So you have fired up your remote machine and it is running some sort of Linux - say, Ubuntu. The first step then is to update and upgrade the pre-installed packages, which are almost surely old. SSH into the instance and run the following on the terminal:

sudo apt-get update
sudo apt-get upgrade

If you skip this step you may get in trouble later on: you will try to install your packages but you will get error messages saying that the packages couldn’t be found. That’s because of outdated repository information. So, make sure you always update and upgrade everything first.
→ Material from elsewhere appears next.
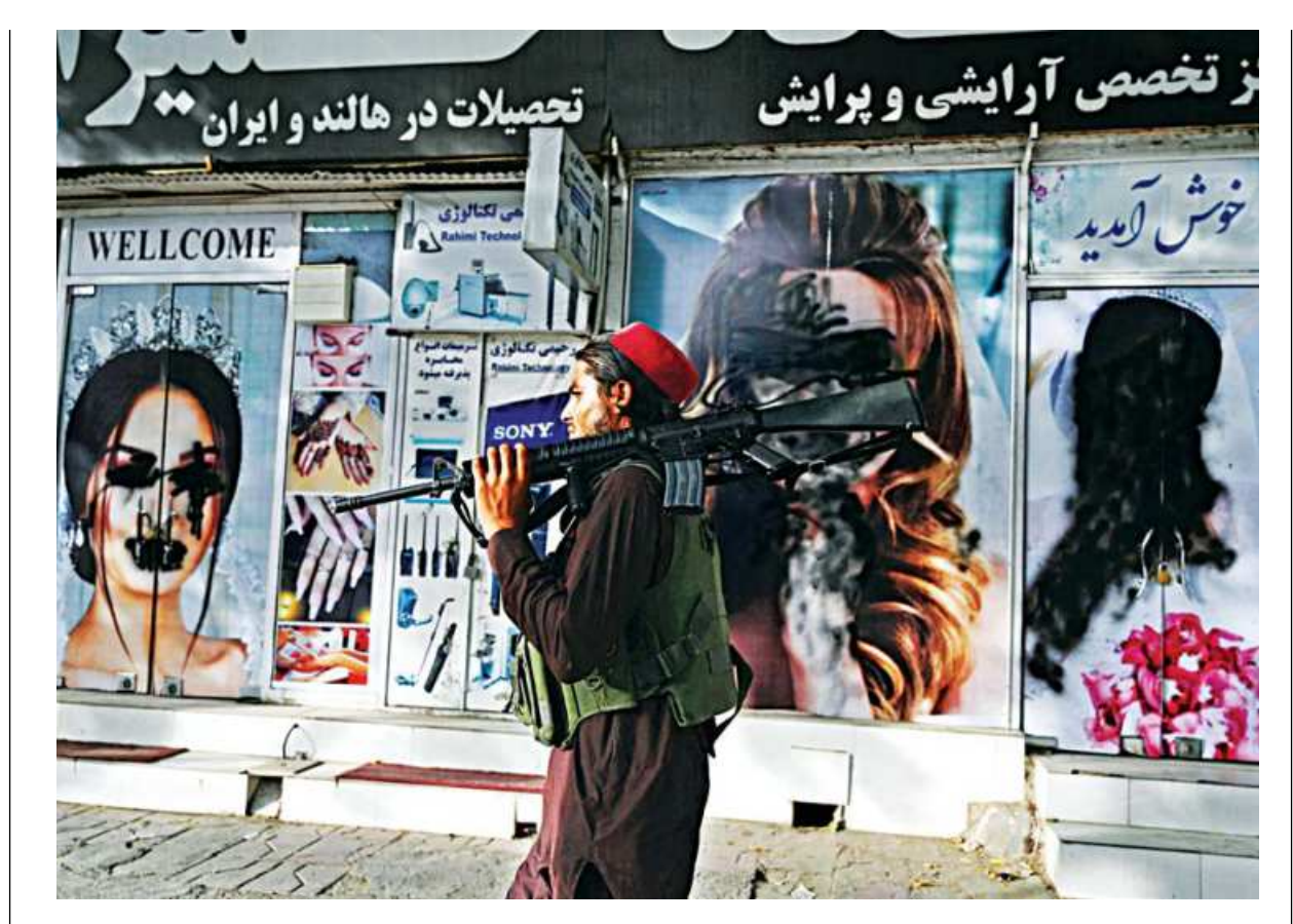
A Taliban fighter walks past a beauty saloon with images of women defaced using spray paint in Shar-e-Naw in Kabul, Afghanistan, yesterday.

If you have never seen these commands before, don’t worry. “apt-get” is a package manager that comes pre-installed on Ubuntu. You use it to install, update, and uninstall packages. Now, Ubuntu don’t just let anyone do whatever they want on the machine. If you try simply “apt-get update”, without the “sudo”, you get an error message saying that you don’t have permission to do that. Installing software is a potentially risky task, as it can break the system, create security holes, etc, so only a “super user” can do it. That’s why you need to put “sudo” before “apt-get”: “sudo” stands for “super user do”; it’s a way to tell Ubuntu to treat you as a “super user” and let you do whatever you want. On a local machine you would be prompted for your password, but on Amazon instances there is no such thing. So, that’s all that’s going on here, nothing of particular importance. If you are using a different Linux distribution - say, Fedora, Red Hat, or CentOS - the equivalent of “apt-get” is probably “yum”.

Next you need to install some low-level stuff that will be required by other, higher-level packages later on.

sudo apt-get install build-essential libc6 gcc gfortran

You now have the basic tools to compile packages from source. “Compile from source…?” Not to worry if you’ve never heard of this before. Many packages are easy to install: you just do “sudo apt-get install XXXXX” and that’s it, package XXXXX is installed; the binary files - i.e., the executable files - are generated automatically. Other packages, however, can’t be installed via “apt-get” and require instead that you get the source code and generate the binaries yourself. That’s what compiling is: transforming source code into executable files. To do that we need to install a compiler first. That’s what you just did above: you installed gcc, which can compile C code, and gfortran, which can compile Fortran code (and a few other helpful tools as well).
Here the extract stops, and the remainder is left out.